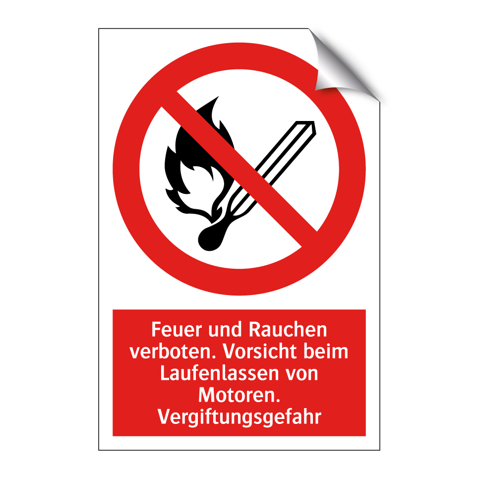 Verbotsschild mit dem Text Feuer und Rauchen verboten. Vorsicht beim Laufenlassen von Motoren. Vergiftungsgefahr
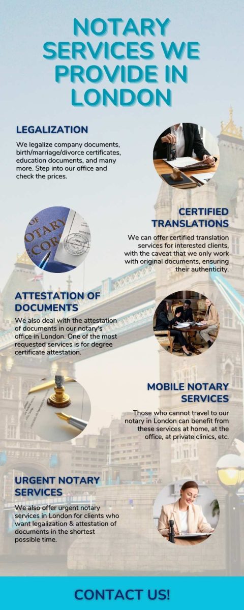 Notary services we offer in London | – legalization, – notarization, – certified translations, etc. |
....................
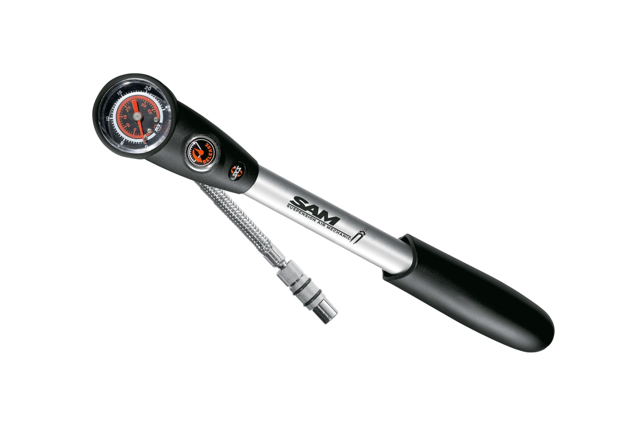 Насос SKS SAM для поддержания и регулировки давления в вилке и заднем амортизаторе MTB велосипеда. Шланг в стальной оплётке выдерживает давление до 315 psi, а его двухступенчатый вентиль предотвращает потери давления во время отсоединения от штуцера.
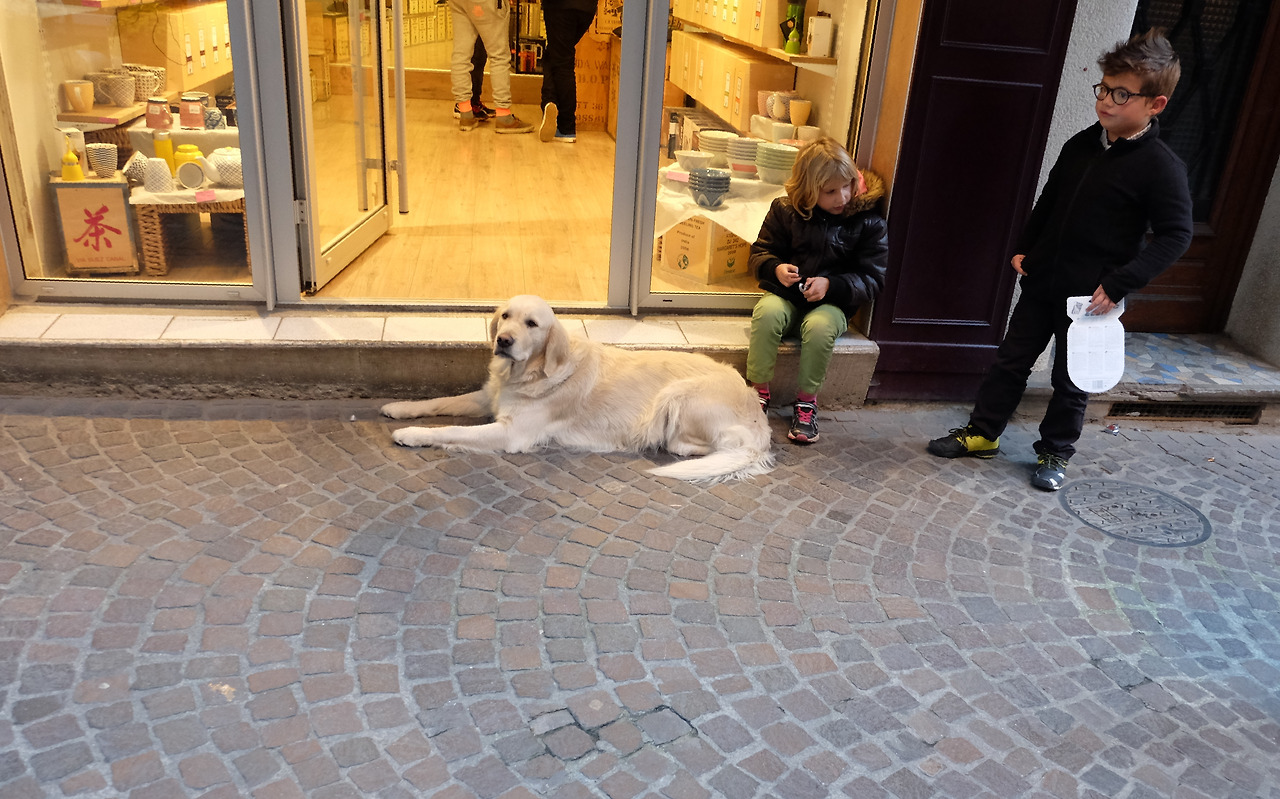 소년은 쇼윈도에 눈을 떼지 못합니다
....................
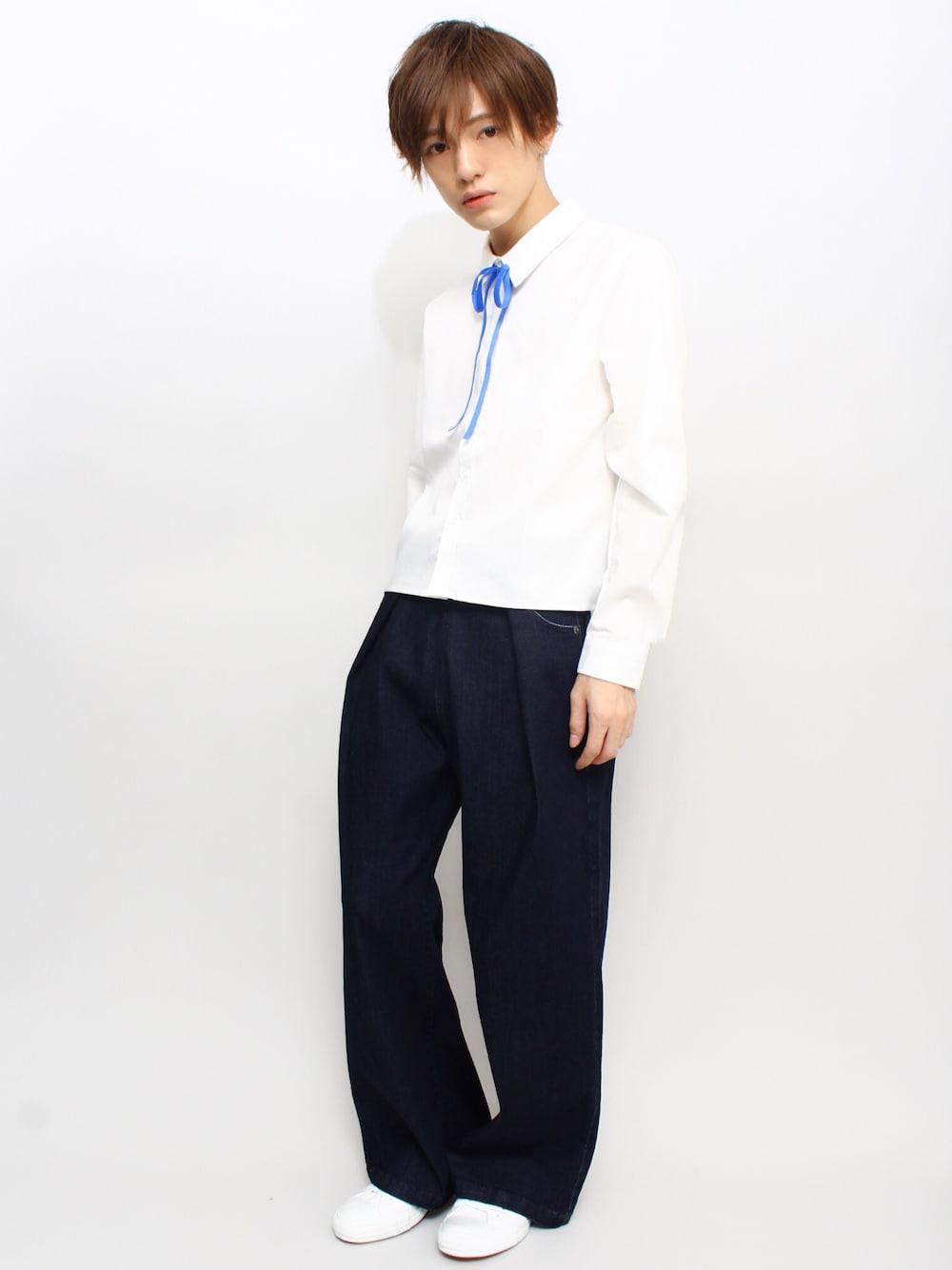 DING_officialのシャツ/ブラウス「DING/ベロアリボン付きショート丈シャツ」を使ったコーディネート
....................
# What you are asked to do
Which part of the entries opens with the line containing "Verbotsschild mit dem" and closes with the line containing "Notary services we"? Output that part exactly, ends included, pictures excluded.

# Reply to the exercise
 Verbotsschild mit dem Text Feuer und Rauchen verboten. Vorsicht beim Laufenlassen von Motoren. Vergiftungsgefahr
 Notary services we offer in London | – legalization, – notarization, – certified translations, etc. |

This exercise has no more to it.